EU-Währungskommissar Olli Rehn wollte sich zu Einzelheiten der künftigen Befugnisse des EFSF nicht äußern. "Daran arbeiten wir noch", sagte er und fügte hinzu: "Wir wollen Flexibilität und Effizienz des EFSF stärken." Auch EU-Kommissionspräsident José Manuel Barroso verlangte eine Stärkung des Euro-Rettungsschirms.
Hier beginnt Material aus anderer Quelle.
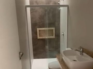 Piso laminado colocado, mármore travertino na escada e bancadas dos banheiros.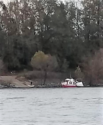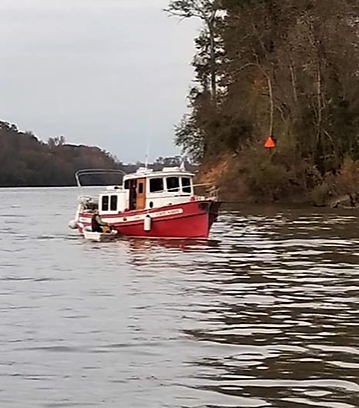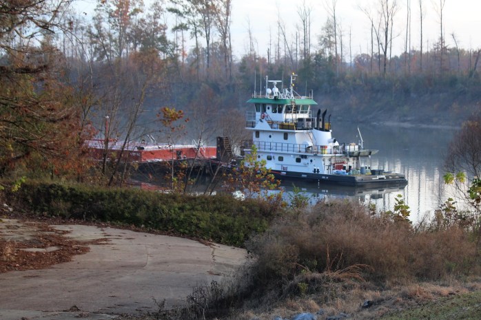 With the morning exercise program complete, the flotilla raised the anchors and headed downstream. As they began to move out into the channel Chip Ahoy noticed a tow around the bend headed upstream towards the boats. Everyone moved out of the way of the tow and made way south.

Die Bundesregierung will die Fraktionen nach Angaben des Finanzministeriums so früh wie möglich über den Entwurf informieren, über den die Staats- und Regierungschefs bei ihrem Gipfel am Sonntag beraten wollen. Die Unionsfraktion plant für morgen eine Sondersitzung, um über die Pläne zu beraten. Auch die FDP-Fraktion erwägt eine Sondersitzung.

Rechnungshöfe wollen mitreden

Unterdessen meldet die "Frankfurter Allgemeine Zeitung" (FAZ), dass die Rechnungshöfe der EU-Staaten die Finanzkontrolle über den geplanten Rettungsschirm ESM beanspruchen. In einem Papier für das Treffen der EU-Staats- und Regierungschefs am kommenden Wochenende fordern die Rechnungshöfe demnach Parlamente und Regierungen auf, die Satzung des ESM um Vorschriften für eine "wirksame externe Finanzkontrolle" zu erweitern, wie das Blatt unter Berufung auf eine Stellungnahme der Rechnungskontrollbehörden berichtet.

Verbesserte Kontrollbestimmungen seien Grundvoraussetzung, um eine unabhängige und objektive Unterrichtung der Parlamente zu gewährleisten und "prüfungsfreie Räume" zu vermeiden. Initiator des Papiers sei der Präsident des Bundesrechnungshofes, Dieter Engels.